The remainder trick is similar to a trick you may have learned for
determining if a decimal number is divisible by 3. You can add all the
digits together and see if the sum is divisible by 3. If you're not sure
if the sum is divisible by 3, you can add its digits together. This
can be repeated until you have a single decimal digit. If that digit
is 3, 6, or 9, then the original number is divisible by 3. This works
because 10 % 3 == 1.

gcc already does this same trick. There are additional tricks gcc
does urem as well as srem, udiv, and sdiv that I plan to add in
future patches.

Diff Detail

Event Timeline

craig.topper created this revision.Jul 31 2022, 4:36 PM
craig.topper requested review of this revision.Jul 31 2022, 4:36 PM
Herald added a project: Restricted Project. · View Herald TranscriptJul 31 2022, 4:36 PM

precommit tests?

llvm/include/llvm/CodeGen/TargetLowering.h
4729

expandUREMByConstant ?

llvm/lib/CodeGen/SelectionDAG/LegalizeIntegerTypes.cpp
4474

auto *CN

llvm/lib/CodeGen/SelectionDAG/TargetLowering.cpp
7162

assert N->getOpcode == ISD::UREM?

7195

Are you we causing any oneuse issues if we split here and then can't expand below?

7213

Pull out repeated getSetCCResultType(DAG.getDataLayout(), *DAG.getContext(), HiLoVT) ?

craig.topper added inline comments.Aug 1 2022, 9:23 AM
llvm/lib/CodeGen/SelectionDAG/TargetLowering.cpp
7195

Good point. Today it's not an issue because that code only executes on the X86 win64 path and we have ADDCARRY available. But I'll fix it.

Do you have an overall plan written up somewhere?

There are a few different ways you could extend this:

  • This could be extended to handle factors of two: for example, a % 10 -> ((a / 2) % 5) * 2 + (a % 2).
  • This could be extended to handle more factors by slicing up numbers differently. e.g. for a % 7, slice the number into three 30-bit pieces, since 2^30 mod 7 = 1.
  • This could possibly be used to implement division: e.g. a / 5 -> (a - (a % 5)) * inverse(5). Not sure if this is more efficient than other approaches; might depend on the target.

On the general topic of division by constants, see also discussion on https://github.com/llvm/llvm-project/issues/56153

Do you have an overall plan written up somewhere?

There are a few different ways you could extend this:

  • This could be extended to handle factors of two: for example, a % 10 -> ((a / 2) % 5) * 2 + (a % 2).

Yeah.
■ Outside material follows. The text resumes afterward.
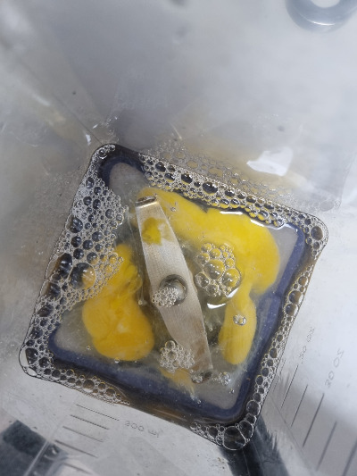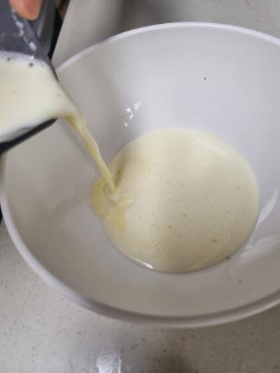 물과 계란을 믹서에 넣고 갈아? 주세요. 이렇게야 알끈이 잘 제거된다고 하네요.

I was also going to look at that. gcc does something, but what they do can be improved.

  • This could be extended to handle more factors by slicing up numbers differently. e.g. for a % 7, slice the number into three 30-bit pieces, since 2^30 mod 7 = 1.
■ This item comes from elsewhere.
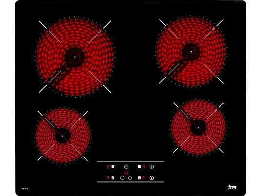 • Placa Vitrocerámica Teka TB 6415, 4 Zonas, Zona Grande 21 cm, 60 cm, Negro, Touch Control, Función Booster, Apagado Automático

That is what gcc does and what I was going to look at doing soon.

  • This could possibly be used to implement division: e.g. a / 5 -> (a - (a % 5)) * inverse(5). Not sure if this is more efficient than other approaches; might depend on the target.

That's also what gcc does. This interacts poorly with DivRemPairs. If we have a both a division and remainder DivRemPairs rewrites the remainder in terms of division. If we're going to use remainder to do the division, then what DivRemPairs is doing is the wrong direction.

My immediate next step was looking at extending this patch to UDIV using this method for the same constant divisors.

On the general topic of division by constants, see also discussion on https://github.com/llvm/llvm-project/issues/56153

I hadn't seen that bug, but I had talked to @ndesaulniers which is what motivated this.

hiraditya added a comment.EditedAug 1 2022, 11:01 AM

a / 5, and a%10 etc.

Is it possible that the processor already does these tricks internally to improve the performance of these operations?

Can we add an additional test to llvm/test/CodeGen/ARM/div.ll that urem with a small constant does not produce a libcall to __aeabi_uldivmod? The change to llvm/lib/Target/X86/X86ISelLowering.cpp makes me wonder how many backend-specific changes are necessary here. Also, not sure if this is something we only want to do for -O2 (vs -Os)?

Can we add an additional test to llvm/test/CodeGen/ARM/div.ll that urem with a small constant does not produce a libcall to __aeabi_uldivmod?

Sure. I can do that.

The change to llvm/lib/Target/X86/X86ISelLowering.cpp makes me wonder how many backend-specific changes are necessary here.

Also, not sure if this is something we only want to do for -O2 (vs -Os)?

I put in the isIntDivCheap check to catch the targets that restricted div by constant expansion for -Oz. Though maybe I need to check that for HiLoVT too since we're kind of assuming HiLoVT UREM will be expanded by DAGCombiner.

a / 5, and a%10 etc.

Is it possible that the processor already does these tricks internally to improve the performance of these operations?

We're concerned here about cases where the numerator doesn't fit into one word. x86 has an instruction for division where the numerator is two words, but no other commonly used target does. And even on x86, it's slow.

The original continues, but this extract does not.